Who wants to accept such repentance from a cheating spouse?


----------



## friendly

Quote (BOB has written) It’s understandable that you are very bitter, resentful and angry.

But it seems you’ve decided to take the path of revenge, Vegas and discreet female companionship.

That’s not the path I’d recommend and I cannot support you in that decision. I will tell you though that the path of revenge has many hidden mines to step on. It will only make matters worse for you in ways totally unseen at the moment.
---------------------------------------------------------------------------

I don't think he's taking a path of revenge.
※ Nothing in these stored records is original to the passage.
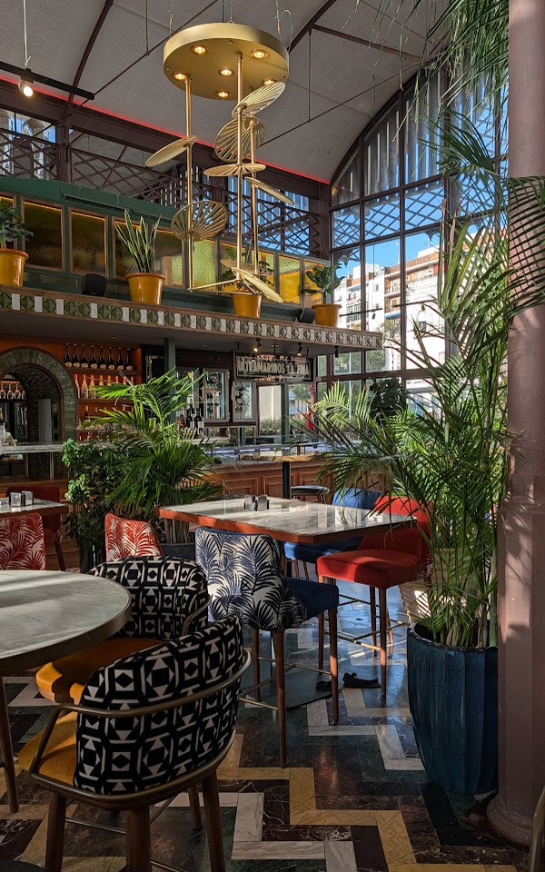 Jetzt aber erst einmal schauen, was es hier zu essen gibt. Okay, sieht sehr schick von innen aus. Wirkt aber eher wie eine offene Foodgastronomie. Ich dachte zuerst, das wäre so etwas wie der Foodmarkt in Madrid. Das Teil hatte aber einen ganz anderen Flair.
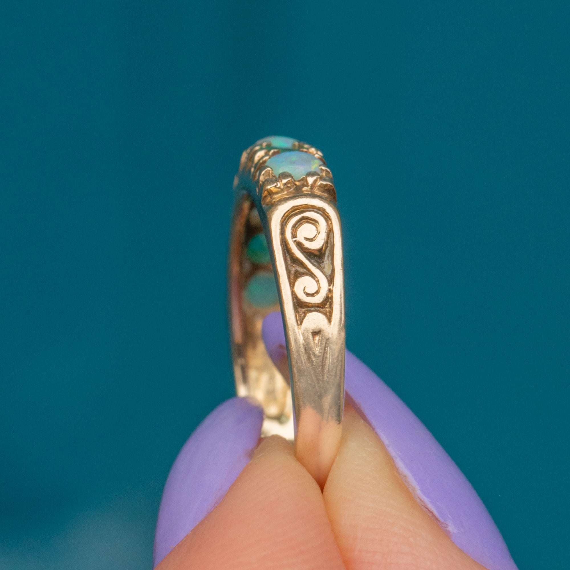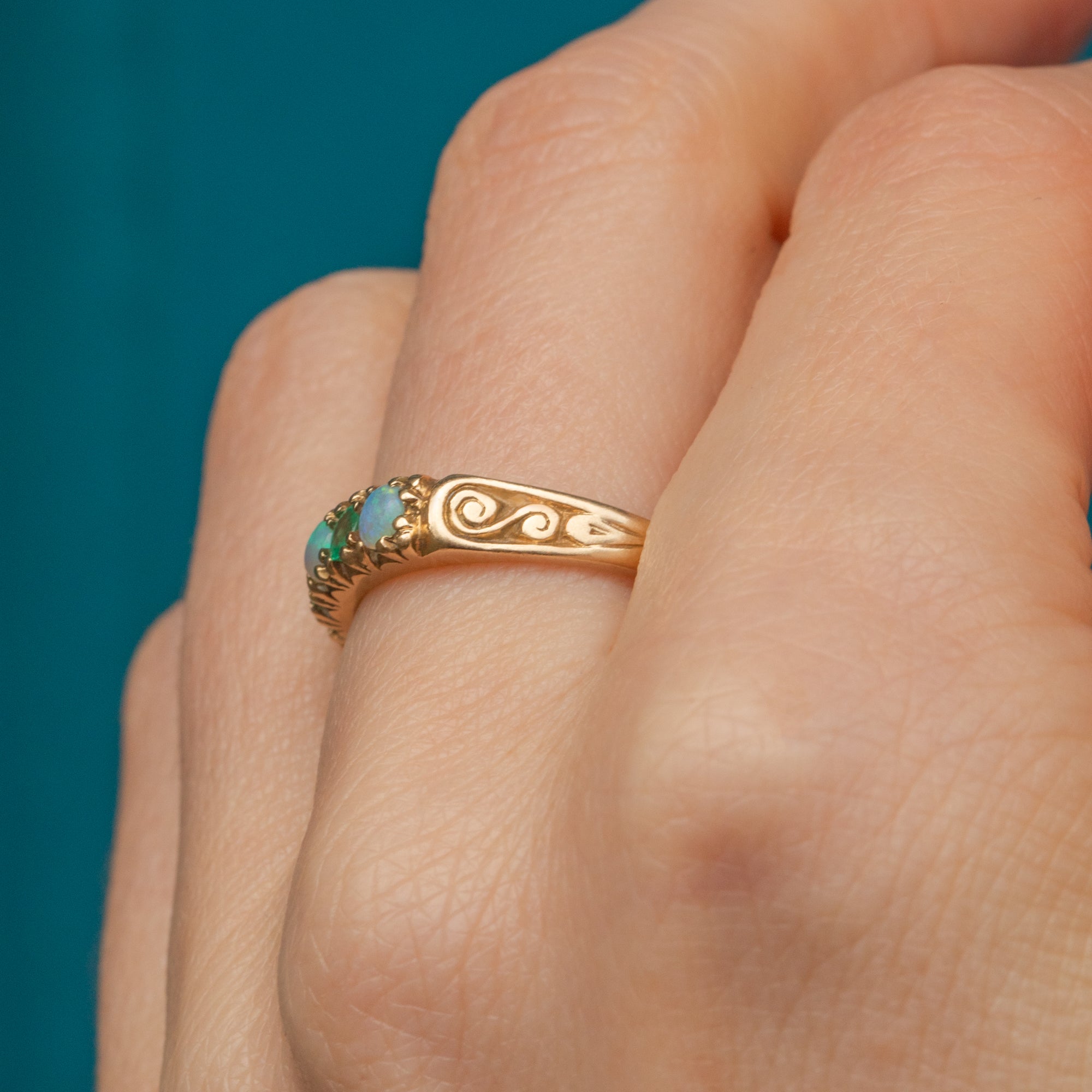 This vintage ring is simply stunning, with the shimmering Opals revealing a gorgeous hue of pearlescent green and blue tones in the light, a fitting complement to the leafy green Emerald gems. These colours beautifully marry with the antique buttery 9ct Gold, which is rich in detail, with engraved patterns adorning the shoulders of the ring. A decadent delight, you'll never want to take her off!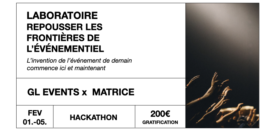 Pour répondre à ce défi de taille, Matrice lance une campagne de recrutement d’individus intéressés par les thématiques de l’événementiel, du numérique et de l’innovation, quel que soit leur domaine d’expertise (développement web, événementiel, design, culture, communication, droit, sciences humaines et sciences de gestion…). L’idée est d’avoir une multitude de profils différents afin de pouvoir traiter des problématiques complexes.

He has decided to get divorced, for him the marriage has ended and his lawer is working on it.

so now he must move on his life. 

Why people enjoy forcing him to continue the marriage with a woman that he doesn't trust? 

So I support him.


----------



## friendly

Quote: I advise you to treat her how Christ treats you.


He has forgiven his wife and he decided to move on his own life without her.


Quote: Will she do this kind of crap to me everytime there is a "bump", in the road? 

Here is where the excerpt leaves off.